# No exit stamp in passport



## lizard0924 (Jan 8, 2015)

I left the UK yesterday via Heathrow to come back to the States to submit my spousal visa application. Strangely enough, there was no specific passport control @ Heathrow upon my exit and definitely no immigration person stamped my passport with an exit stamp (like happens in most other countries when I depart). So now I've left the UK but only have my entry stamp from Guernsey (as I arrived via ferry from France and bypassed UK immigration altogether). 

For information, when you arrive in the UK (Gatwick) from the Channel Islands, you don't have to go through the usual immigration lines as you are considered a domestic arrival.

So it seems that if an ECO was reviewing my passport, they will only see an entry stamp for the Channel Islands, but no exit stamp. Is there some other way that UK immigration people can tell that I've transited out of/through the UK? I've included my arrival/departure dates in the application itself, but my passport stamps won't necessarily support that.

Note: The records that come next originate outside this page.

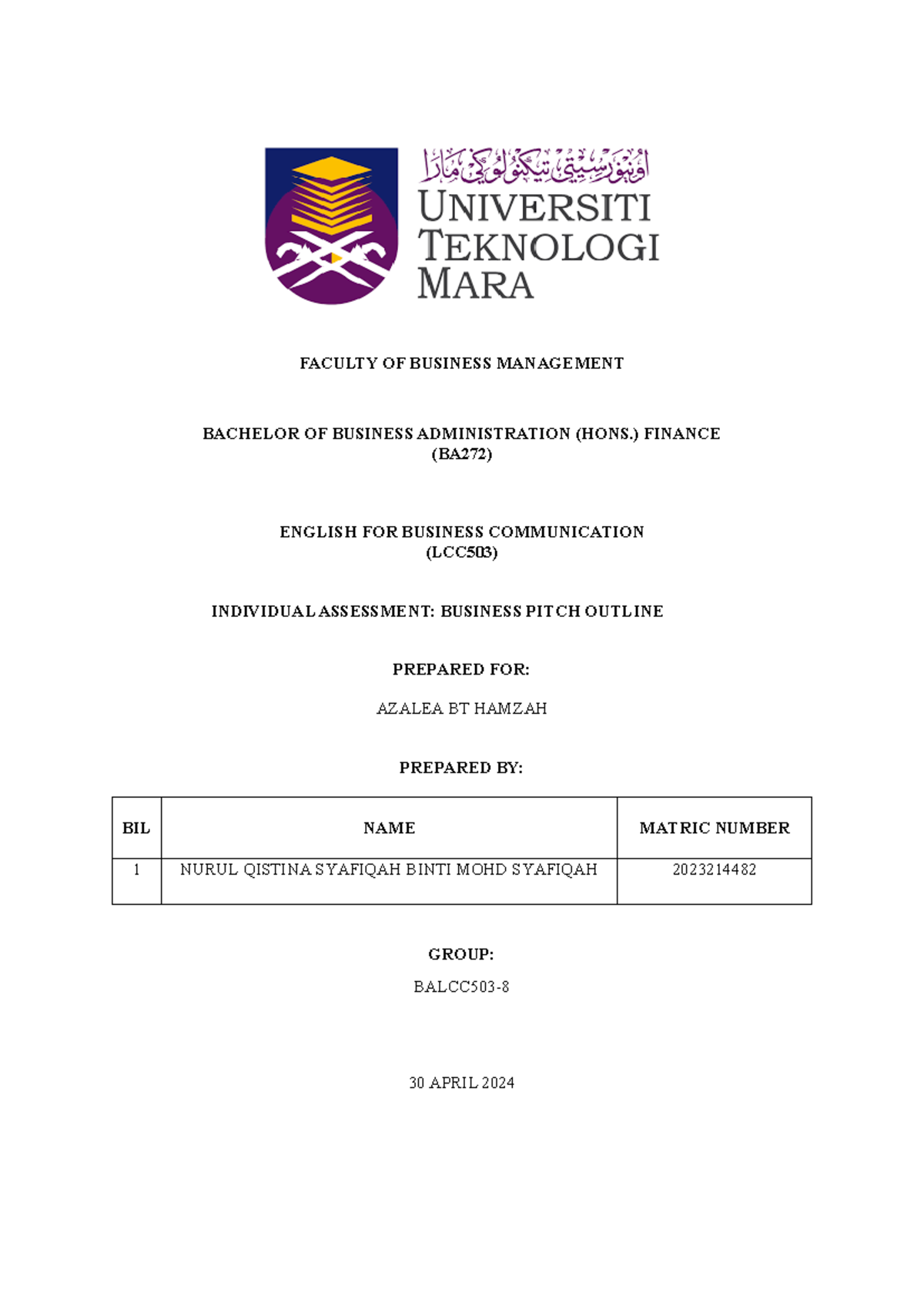 Business Pitch Outline 2 FACULTY OF BUSINESS MANAGEMENT BACHELOR OF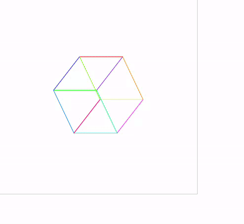 투영: 회전된 3D 좌표에서 Z 값을 버리고 X, Y만 남겨 2D 평면에 투영합니다. (정투영이라서 원근 왜곡 없음)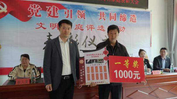 (圖注:陽光財險在薛坪鎮(zhèn)陽明洞村開展的“文明家庭評選活動”表彰儀式現(xiàn)場)

I just want to avoid any situations that might jeopardize my visa application unnecessarily. At this point, I'm stressing about every little detail.


----------



## salix (Apr 27, 2014)

The airlines share their passenger lists/information with the government, they know everything you do even if you didn't get a passport stamp.


----------



## Pallykin (Mar 30, 2014)

The exit stamp seems to be very variable in terms of whether they give them. Sometimes they are stamp happy, other times not. And I'm not just talking about the UK. All kinds of places sometimes do sometimes don't give exit stamps. 

I've also got a fairly good collection of US entry stamps in my US passport, contributing to my running out of visa pages.


----------



## nyclon (Apr 3, 2011)

There is no border control on exiting the UK so it would be very unusual to get an stamp upon leaving the UK.

Make sure when you return to the UK on your spouse visa that you enter through the UK otherwise your passport will not be stamped activating your visa.


----------



## HKG3 (Jan 11, 2015)

lizard0924 said:


> For information, when you arrive in the UK (Gatwick) from the Channel Islands, you don't have to go through the usual immigration lines as you are considered a domestic arrival.
> 
> So it seems that if an ECO was reviewing my passport, they will only see an entry stamp for the Channel Islands, but no exit stamp. Is there some other way that UK immigration people can tell that I've transited out of/through the UK? I've included my arrival/departure dates in the application itself, but my passport stamps won't necessarily support that.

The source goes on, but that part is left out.